• Your goal
Below are the records to retype. Keep every character exactly and leave out the pictures.

• Data listing
━━━━━━━━━━━━━━━━━━━━
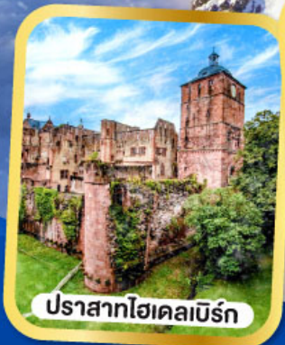
ปราสาทไฮเคลเบิร์ก
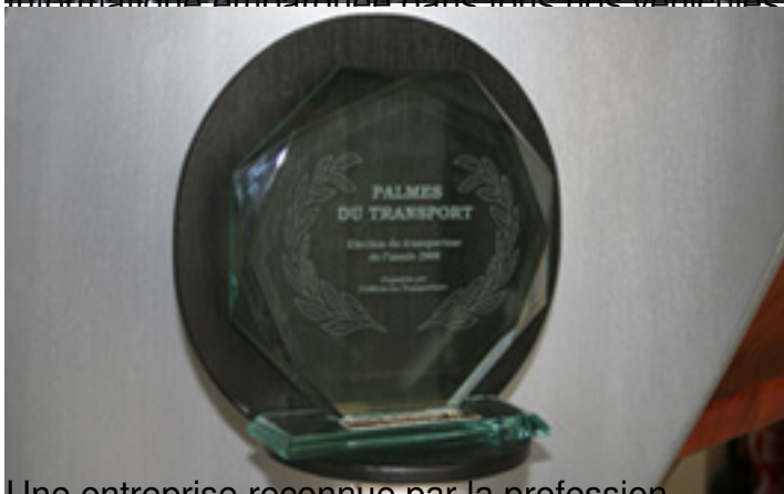
Une entreprise reconnue par la profession
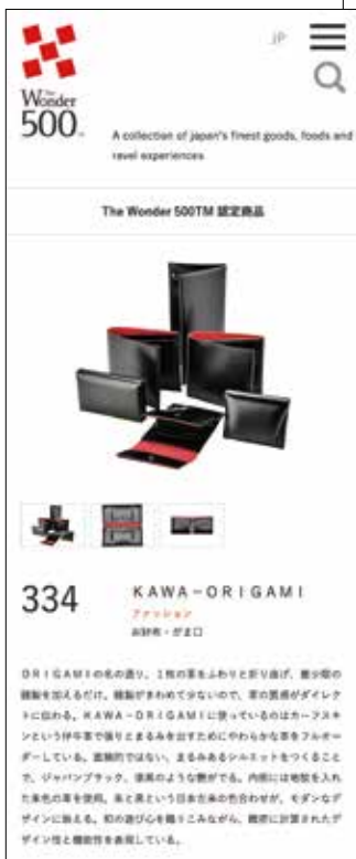
スマートフォンビュー

目的別にお問い合わせできます。 - ストーリーや写真データの利用 - 高解像度の写真データ依頼 - 事業者へのお問い合わせ 等
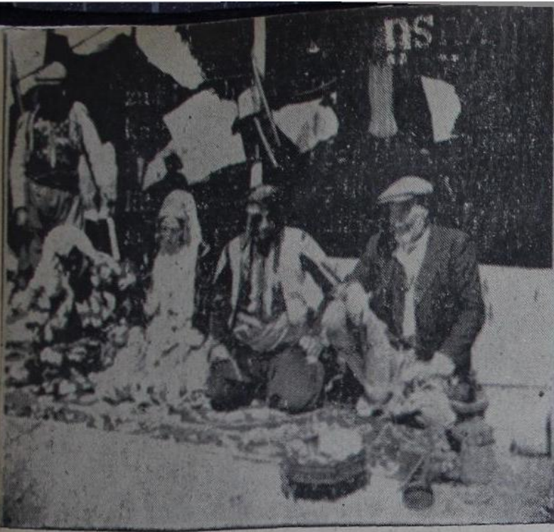
Kara çadır önünde bir düğün töreni
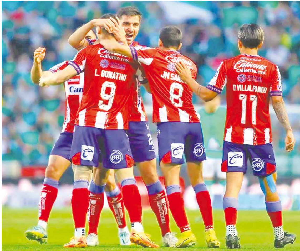
Atlético San Luis elimina al favorito León del repechaje.

FÚTBOL El conjunto potosino supera como visitante a la escuadra esmeralda y se une al Atlas y Santos.
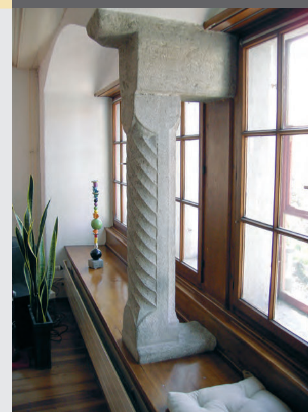
Exakt bearbeitete Säule als Tragkonstruktion in der Wohnstube im 1. Stock.
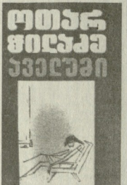
სასკოლო პრობლემები მისი მხარეზე...
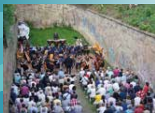
21 JUIN : CONCERT DE L'ORCHESTRE DES JEUNES DE STRASBOURG
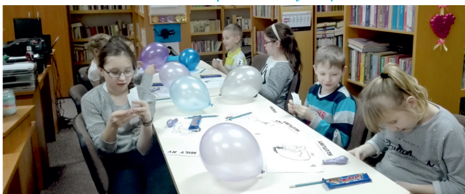
Zabawy w Bibliotece
━━━━━━━━━━━━━━━━━━━━
• Output
ปราสาทไฮเคลเบิร์ก
Une entreprise reconnue par la profession
スマートフォンビュー

目的別にお問い合わせできます。 - ストーリーや写真データの利用 - 高解像度の写真データ依頼 - 事業者へのお問い合わせ 等
Kara çadır önünde bir düğün töreni
Atlético San Luis elimina al favorito León del repechaje.

FÚTBOL El conjunto potosino supera como visitante a la escuadra esmeralda y se une al Atlas y Santos.
Exakt bearbeitete Säule als Tragkonstruktion in der Wohnstube im 1. Stock.
სასკოლო პრობლემები მისი მხარეზე...
21 JUIN : CONCERT DE L'ORCHESTRE DES JEUNES DE STRASBOURG
Zabawy w Bibliotece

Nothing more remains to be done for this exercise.